(Data to process)
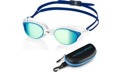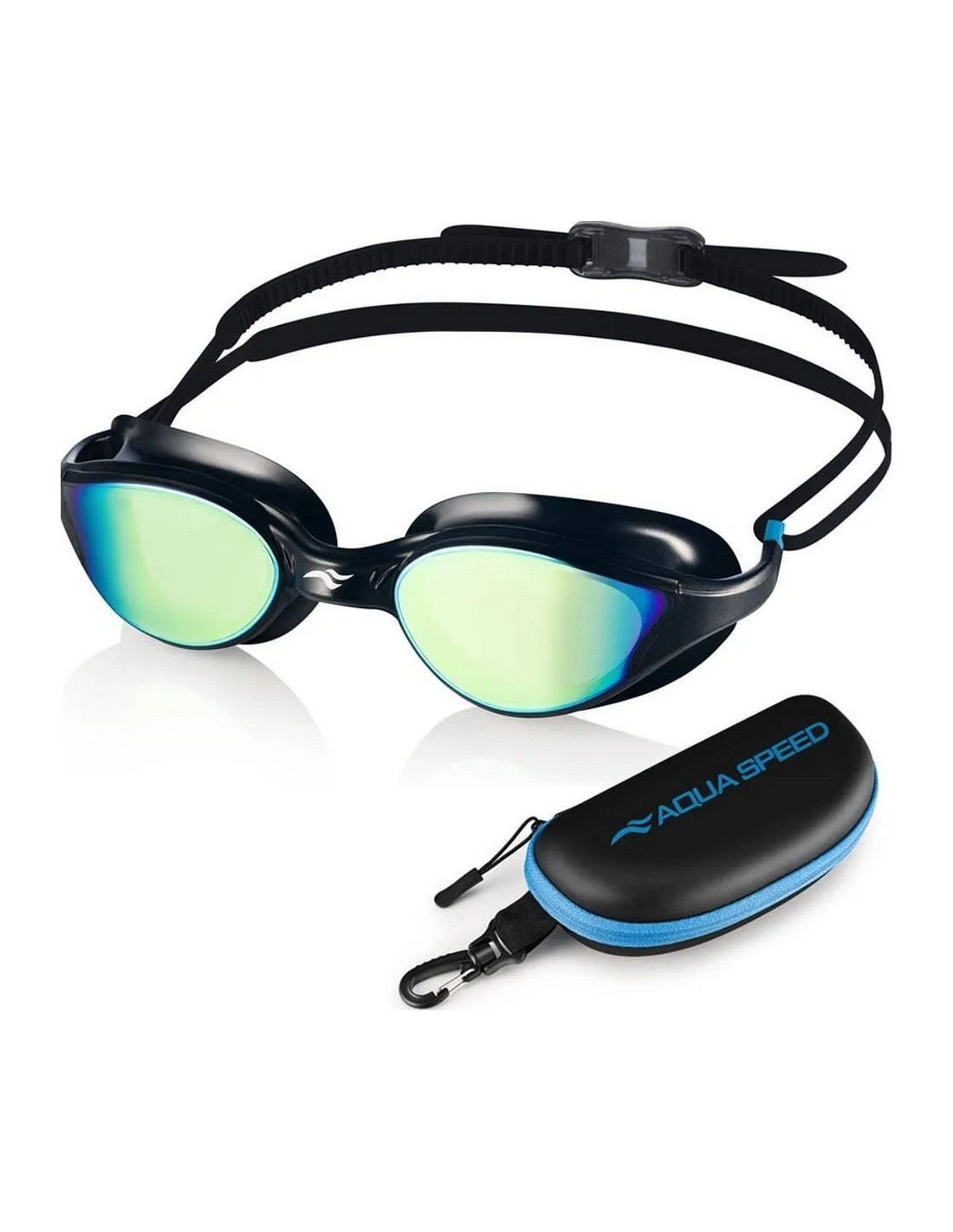 These ultra-modern Vortex Mirror goggles from Aqua Speed are a top of the range product designed for frequent pool users who value great style, highest quality and perfect fit. Vortex Mirror feature metallized, UV-protected, impact resistant polycarbonate lenses, providing a panoramic view and glare reduction. Their optical grade lens design combined with Anti-Fog coating gives the user a clear field of vision to the front and sides. Another great feature of goggles is the comfortable, soft, one-piece TPE gasket made using ultraFUSE technology, with a quickFIT rear buckle. All this makes Vortex Mirror goggles stylish, durable and easy to adjust for a leak-free fit. Features: Metalized optical grade polycarbonate lenses UV and Anti-Fog protection QuickFit ultra-fast rear buckle Soft one-piece TPE gasket made using ultraFUSE technology Exchangeable, split head strap Hard, EVA goggle case provided with those goggles ensures safe storage. Zip closing, ventilation holes and impact resistant material will protect your goggles from damage. Soft inside ensures goggles are not going to get scratched.
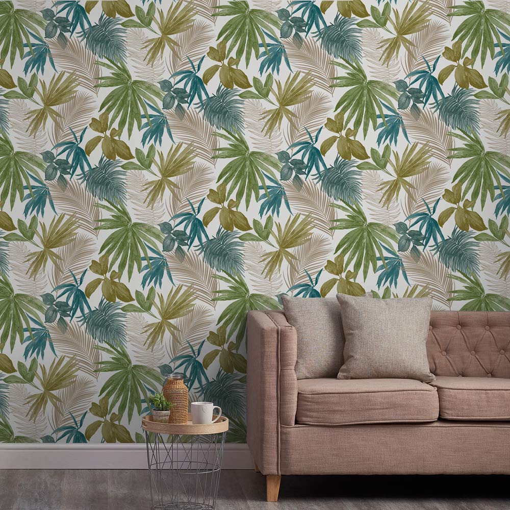 Transform your space with the Green Teal and Copper Wild Palm Metallic Textured Wallpaper. This vibrant design showcases lush green leaves with gold accents, bringing a fresh, jungle-inspired feel to any room. The metallic embossed finish adds depth and texture, creating a truly captivating look. Easy to hang using paste-the-wall application, it also cleverly conceals minor wall imperfections.
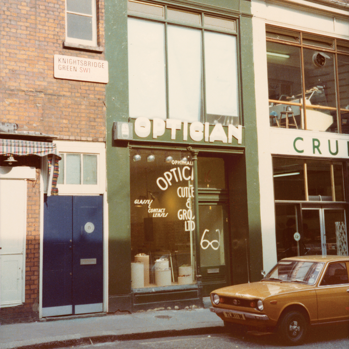 In 1971, Mr Graham Cutler and Mr Tony Gross first unlocked the doors to 16 Knightsbridge Green. Unbeknownst to them, the small yet mighty store and workshop would unmistakably shape the language of eyewear, 55 years on.
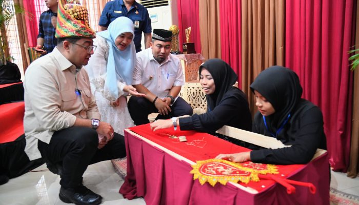 Pj Bupati Aceh Besar Muhammad Iswanto, S.STP MM dan Pj Ketua TP PKK Aceh Besar Cut Rezky Handayani SIP MM dampingi Menteri Ekonomi Kreatif RI, Teuku Riefky Harsya melihat batik sulaman khas Aceh Besar di Gedung Dekranasda, Gampong Gani, Kecamatan Ingin Jaya, Aceh Besar, Jumat (15/11/2024).FOTO/ BEDU SAINI
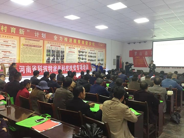 11月5日上午,我院與羅山縣農業(yè)局聯(lián)合召開(kāi) “羅山縣再生稻技術(shù)培訓暨現場(chǎng)觀(guān)摩會(huì )”,羅山縣農業(yè)局負責同志、羅山縣各鄉鎮農業(yè)發(fā)展中心負責人、種田大戶(hù)等70多人參加了培訓會(huì )。
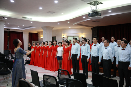 为了展现我院教师风采,提高教职工的凝聚力、向心力,丰富职工业余文化生活,早在几个月前接到合唱比赛通知开始,学院党政领导便高度重视,亲自报名并积极参加排练;学院工会认真组织、精心安排每次排练;参加合唱的近60名老师,虽然日常工作繁忙,但是每到联排日,都能积极放下手中各种事,全身心投入排练中。在专业老师的精心指导和排练下,经过大家无数次的沟通交流、练习配合,比赛当天,在学院办公室、工会精心组织和后勤保障下,合唱团在赛场舞台上大放异彩,以悠扬的歌声、磅礴的气势展现了我院热爱祖国、团结奋进、朝气蓬勃、砥砺前行的精神风貌,体现了我院教职工齐心协力、甘于奉献、勇于担当的精神。
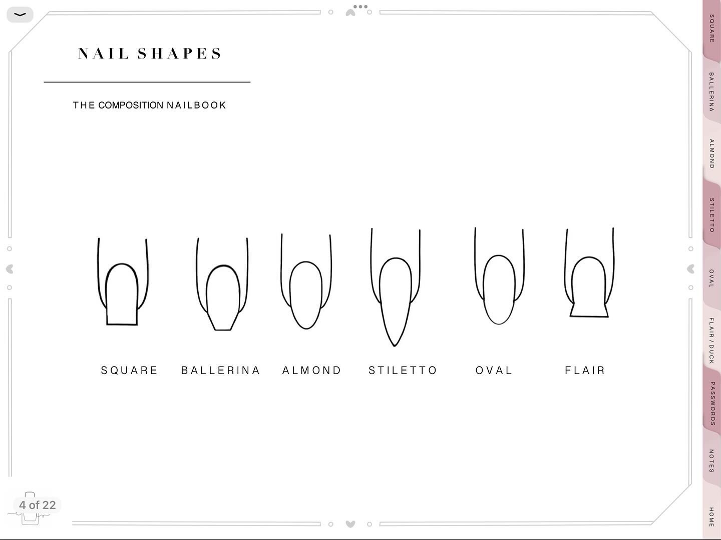 The Composition Nailbook was created for nail artists, nail technicians, and nail content creators. Create nail drafts for press-ons and prepare for your appointments by pre-planning your designs and color choices.
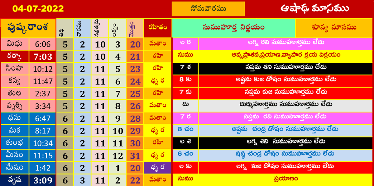 ఈ రోజు ముహూర్తాలు (4-7-2022) ఆషాఢమాసము జూలై 4, 2022 తేదీ (పుష్కరాంశ, లగ్నం, రహితం) శుభ ముహూర్త సమయాల కోసం పైన పట్టికలో చూడండి.
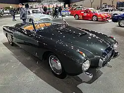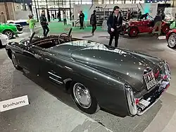 The PF200 was a concept car that debuted on the Pinin Farina (as it was then) stand at the 1952 Turin Motor Show. The show car was built for promotional purposes to generate publicity and was never intended for series production, although Pinin Farina went on to build a further six examples, some open, some closed. The seven PF200s were slightly different from one another, although all featured the signature circular front air intake reminiscent of the North American F-86 Sabre jet fighter. The cars featured side air intakes and six exhaust pipes, while instead of stowing the soft-top behind the seats, like many open cars of the period, Pinin Farina arranged for the PF200's hood to fold down out of sight within the body. The PF200 used the chassis and running gear of the Lancia Aurelia B52.[4]
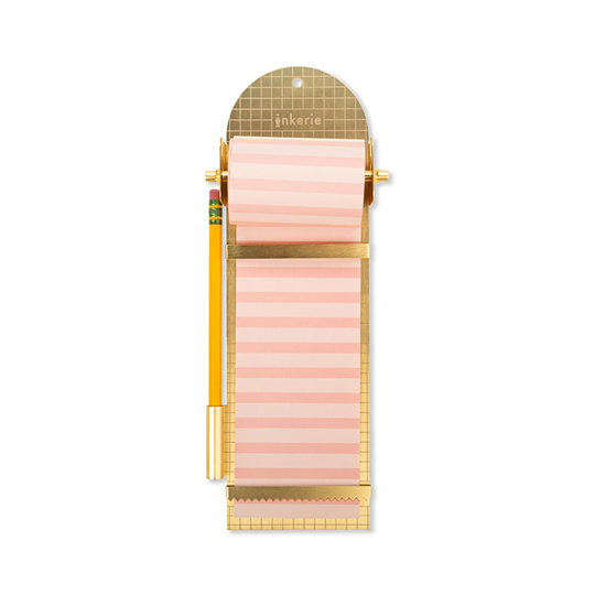 マグネットが付いたゴールドカラーのフレームに、ベイビーピンクのボーダーのロールメモを組み合わせました。ロールメモを引き出して下部の刃でカットするタイプ。サイドにはペンホルダーも付いているので、オフィスやキッチンにぴったりです。
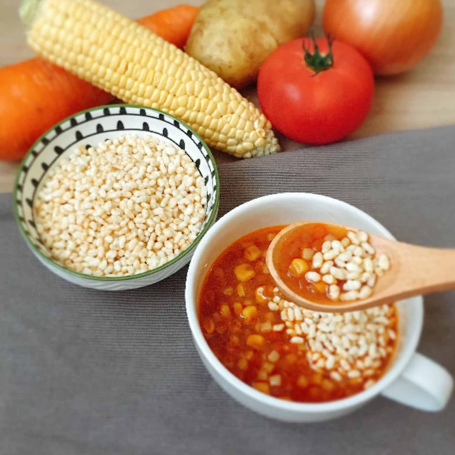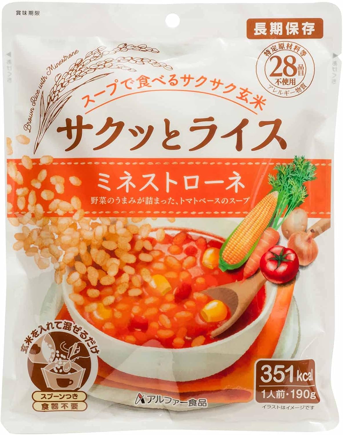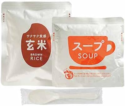 酥脆的米饭是"糙米"与"汤"一起吃的米饭套装。 本品为糙米、汤、汤匙的套装,可直接食用汤袋,无需餐具。 玄米使用100%日本产糯糙米。 保质期为从生产日起5年6个月,常温长期保存。 在番茄的汤中,使用土豆、洋葱、甜玉米、胡萝卜,与蔬菜的美味矿物质一起品尝,享受酥脆的糙米。 对于不使用特定原材料(过敏物质)28种,对食物过敏人士而言,是最适合紧急饮食的长期保存食品。
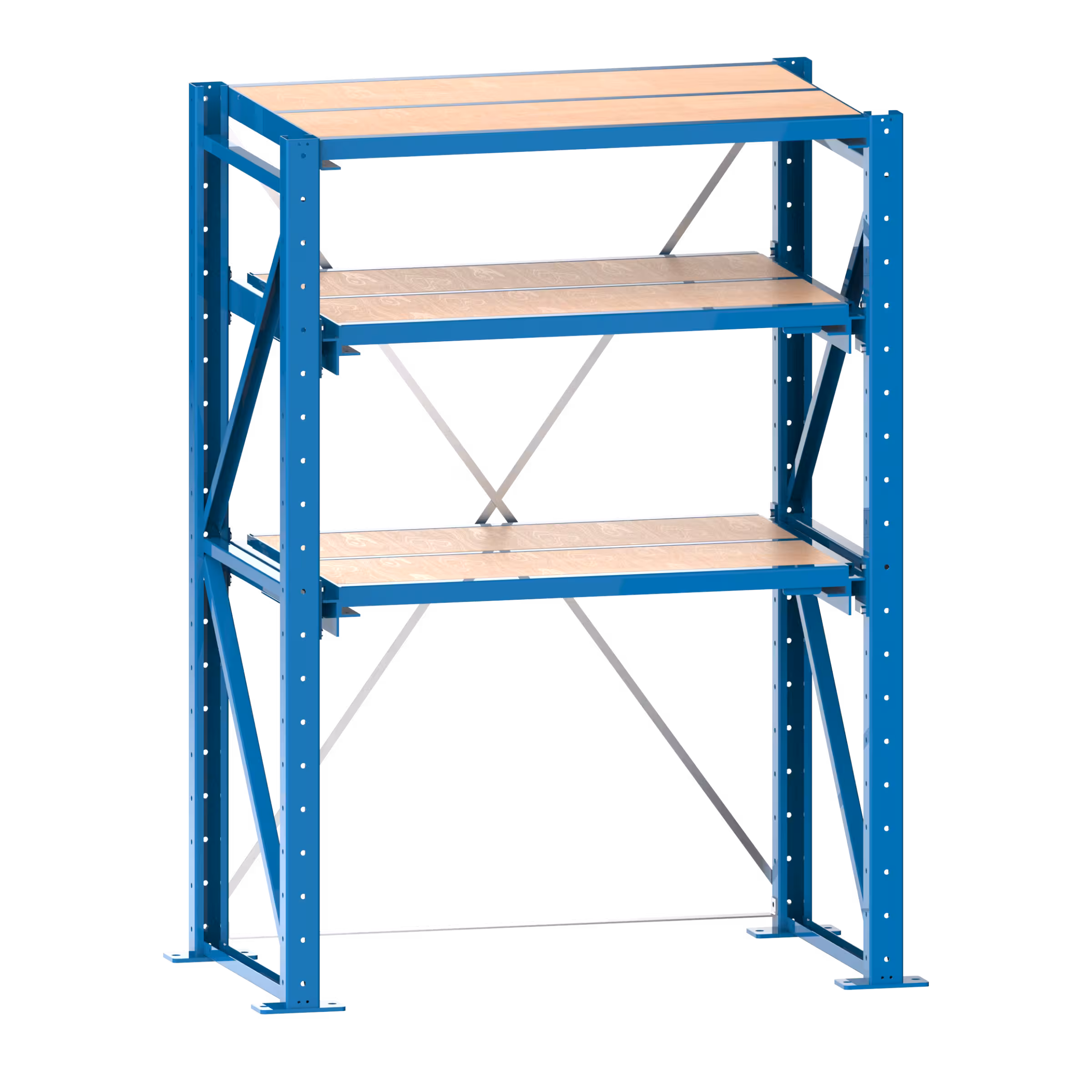 Rayonnage extensible à charges lourdes unité de base (LxPxH) 1290x1260x2000mm 1 cadre fixe, 2 cadres extensibles (800kg) Bleu clair RAL 5012
(End Data to process)
* Exercise goal: Your copy of the records above should be exact and contain no pictures.

* Result for this task:
 These ultra-modern Vortex Mirror goggles from Aqua Speed are a top of the range product designed for frequent pool users who value great style, highest quality and perfect fit. Vortex Mirror feature metallized, UV-protected, impact resistant polycarbonate lenses, providing a panoramic view and glare reduction. Their optical grade lens design combined with Anti-Fog coating gives the user a clear field of vision to the front and sides. Another great feature of goggles is the comfortable, soft, one-piece TPE gasket made using ultraFUSE technology, with a quickFIT rear buckle. All this makes Vortex Mirror goggles stylish, durable and easy to adjust for a leak-free fit. Features: Metalized optical grade polycarbonate lenses UV and Anti-Fog protection QuickFit ultra-fast rear buckle Soft one-piece TPE gasket made using ultraFUSE technology Exchangeable, split head strap Hard, EVA goggle case provided with those goggles ensures safe storage. Zip closing, ventilation holes and impact resistant material will protect your goggles from damage. Soft inside ensures goggles are not going to get scratched.
 Transform your space with the Green Teal and Copper Wild Palm Metallic Textured Wallpaper. This vibrant design showcases lush green leaves with gold accents, bringing a fresh, jungle-inspired feel to any room. The metallic embossed finish adds depth and texture, creating a truly captivating look. Easy to hang using paste-the-wall application, it also cleverly conceals minor wall imperfections.
 In 1971, Mr Graham Cutler and Mr Tony Gross first unlocked the doors to 16 Knightsbridge Green. Unbeknownst to them, the small yet mighty store and workshop would unmistakably shape the language of eyewear, 55 years on.
 Pj Bupati Aceh Besar Muhammad Iswanto, S.STP MM dan Pj Ketua TP PKK Aceh Besar Cut Rezky Handayani SIP MM dampingi Menteri Ekonomi Kreatif RI, Teuku Riefky Harsya melihat batik sulaman khas Aceh Besar di Gedung Dekranasda, Gampong Gani, Kecamatan Ingin Jaya, Aceh Besar, Jumat (15/11/2024).FOTO/ BEDU SAINI
 11月5日上午,我院與羅山縣農業(yè)局聯(lián)合召開(kāi) “羅山縣再生稻技術(shù)培訓暨現場(chǎng)觀(guān)摩會(huì )”,羅山縣農業(yè)局負責同志、羅山縣各鄉鎮農業(yè)發(fā)展中心負責人、種田大戶(hù)等70多人參加了培訓會(huì )。
 为了展现我院教师风采,提高教职工的凝聚力、向心力,丰富职工业余文化生活,早在几个月前接到合唱比赛通知开始,学院党政领导便高度重视,亲自报名并积极参加排练;学院工会认真组织、精心安排每次排练;参加合唱的近60名老师,虽然日常工作繁忙,但是每到联排日,都能积极放下手中各种事,全身心投入排练中。在专业老师的精心指导和排练下,经过大家无数次的沟通交流、练习配合,比赛当天,在学院办公室、工会精心组织和后勤保障下,合唱团在赛场舞台上大放异彩,以悠扬的歌声、磅礴的气势展现了我院热爱祖国、团结奋进、朝气蓬勃、砥砺前行的精神风貌,体现了我院教职工齐心协力、甘于奉献、勇于担当的精神。
 The Composition Nailbook was created for nail artists, nail technicians, and nail content creators. Create nail drafts for press-ons and prepare for your appointments by pre-planning your designs and color choices.
 ఈ రోజు ముహూర్తాలు (4-7-2022) ఆషాఢమాసము జూలై 4, 2022 తేదీ (పుష్కరాంశ, లగ్నం, రహితం) శుభ ముహూర్త సమయాల కోసం పైన పట్టికలో చూడండి.
 The PF200 was a concept car that debuted on the Pinin Farina (as it was then) stand at the 1952 Turin Motor Show. The show car was built for promotional purposes to generate publicity and was never intended for series production, although Pinin Farina went on to build a further six examples, some open, some closed. The seven PF200s were slightly different from one another, although all featured the signature circular front air intake reminiscent of the North American F-86 Sabre jet fighter. The cars featured side air intakes and six exhaust pipes, while instead of stowing the soft-top behind the seats, like many open cars of the period, Pinin Farina arranged for the PF200's hood to fold down out of sight within the body. The PF200 used the chassis and running gear of the Lancia Aurelia B52.[4]
 マグネットが付いたゴールドカラーのフレームに、ベイビーピンクのボーダーのロールメモを組み合わせました。ロールメモを引き出して下部の刃でカットするタイプ。サイドにはペンホルダーも付いているので、オフィスやキッチンにぴったりです。
 酥脆的米饭是"糙米"与"汤"一起吃的米饭套装。 本品为糙米、汤、汤匙的套装,可直接食用汤袋,无需餐具。 玄米使用100%日本产糯糙米。 保质期为从生产日起5年6个月,常温长期保存。 在番茄的汤中,使用土豆、洋葱、甜玉米、胡萝卜,与蔬菜的美味矿物质一起品尝,享受酥脆的糙米。 对于不使用特定原材料(过敏物质)28种,对食物过敏人士而言,是最适合紧急饮食的长期保存食品。
 Rayonnage extensible à charges lourdes unité de base (LxPxH) 1290x1260x2000mm 1 cadre fixe, 2 cadres extensibles (800kg) Bleu clair RAL 5012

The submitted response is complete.